Aussitôt, ouvrant la soupape supérieure, il donna passage à l'hydrogène, et descendit doucement à deux cents pas de l'oasis.

En quatre heures, les voyageurs avaient franchi un espace de deux cent quarante milles [Cent lieues].

La nacelle fut aussitôt équilibrée, et Kennedy, suivi de Joe, s'élança sur le sol.

« Vos fusils! s'écria le docteur, vos fusils, et soyez prudents. »

Dick se précipita sur sa carabine, et Joe s'empara de l'un des fusils. Ils s'avancèrent rapidement jusqu'aux arbres et pénétrèrent sous cette fraîche verdure qui leur annonçait des sources abondantes; ils ne prirent pas garde à de larges piétinements, à des traces fraîches qui marquaient çà et là le sol humide.

Soudain, un rugissement retentit à vingt pas d'eux.

« Le rugissement d'un lion! dit Joe.

--Tant mieux! répliqua le chasseur exaspéré, nous nous battrons! On est fort quand il ne s'agit que de se battre.

--De la prudence, Monsieur Dick, de la prudence! de la vie de l'un dépend la vie de tous. »

Mais Kennedy ne l'écoutait pas; il s'avançait, l’œil flamboyant, la carabine armée, terrible dans son audace. Sous un palmier, un énorme lion à crinière noire se tenait dans une posture d'attaque. A peine eut-il aperçu le chasseur qu'il bondit; mais il n'avait pas touché terre qu'une balle au cœur le foudroyait; il tomba mort.

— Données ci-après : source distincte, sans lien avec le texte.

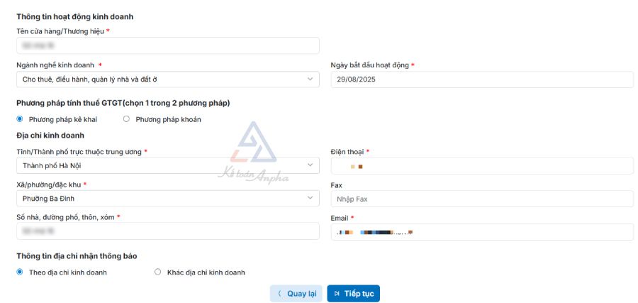 Khi màn hình hiện ra các thông tin bắt buộc về tài sản cho thuê, bạn tiếp tục nhập đầy đủ thông tin có dấu (*) và nhấn nút “Tiếp tục”. Ví dụ như ở hình dưới đây, Anpha đang nhập thông tin đăng ký cho tài sản cho thuê là nhà.

« Hourra! hourra! » s'écria Joe.

Kennedy se précipita vers le puits, glissa sur les marches humides, et s'étala devant une source fraîche, dans laquelle il trempa ses lèvres avidement; Joe l'imita, et l'on n'entendit plus que ces clappements de langue des animaux qui se désaltèrent.

« Prenons garde, Monsieur Dick, dit Joe en respirant. N'abusons pas! »

Mais Dick, sans répondre, buvait toujours. Il plongeait sa tête et ses mains dans cette eau bienfaisante; il s'enivrait.

« Et monsieur Fergusson? » dit Joe.

Ce seul mot rappela Kennedy à lui-même! il remplit une bouteille qu'il avait apportée, et s'élança sur les marches du puits.

Mais quelle fut sa stupéfaction! Un corps opaque, énorme, en fermait l'ouverture. Joe, qui suivait Dick, dut reculer avec lui.

« Nous sommes enfermés!

--C'est impossible! qu'est-ce que cela veut dire?... »

Dick n'acheva pas; un rugissement terrible lui fit comprendre à quel nouvel ennemi il avait affaire.

« Un autre lion! s'écria Joe.

--Non pas, une lionne! Ah! maudite bête, attends, » dit le chasseur en rechargeant prestement sa carabine.

Un instant après, il faisait feu, mais l'animal avait disparu.

« En avant! s'écria-t-il.

--Non, Monsieur Dick, non, vous ne l'avez pas tuée du coup; son corps eut roulé jusqu'ici; elle est là prête à bondir sur le premier d'entre nous qui paraîtra, et celui-là est perdu!

--Mais que faire? Il faut sortir! Et Samuel qui nous attend!

--Attirons l'animal; prenez mon fusil, et passez-moi votre carabine

--Quel est ton projet?

--Vous allez voir. »

Joe, retirant sa veste de toile, la disposa au bout de l'arme et la présenta comme appât au-dessus de l'ouverture. La bête furieuse se précipita dessus; Kennedy l'attendait au passage, et d'une balle il lui fracassa l'épaule. La lionne rugissante roula sur l'escalier, renversant Joe. Celui-ci croyait déjà sentir les énormes pattes de l'animal s'abattre sur lui, quand une seconde détonation retentit, et le docteur Fergusson apparut à l'ouverture, son fusil à la main et fumant encore.

Joe se releva prestement, franchit le corps de la bête, et passa à son maître la bouteille pleine d'eau.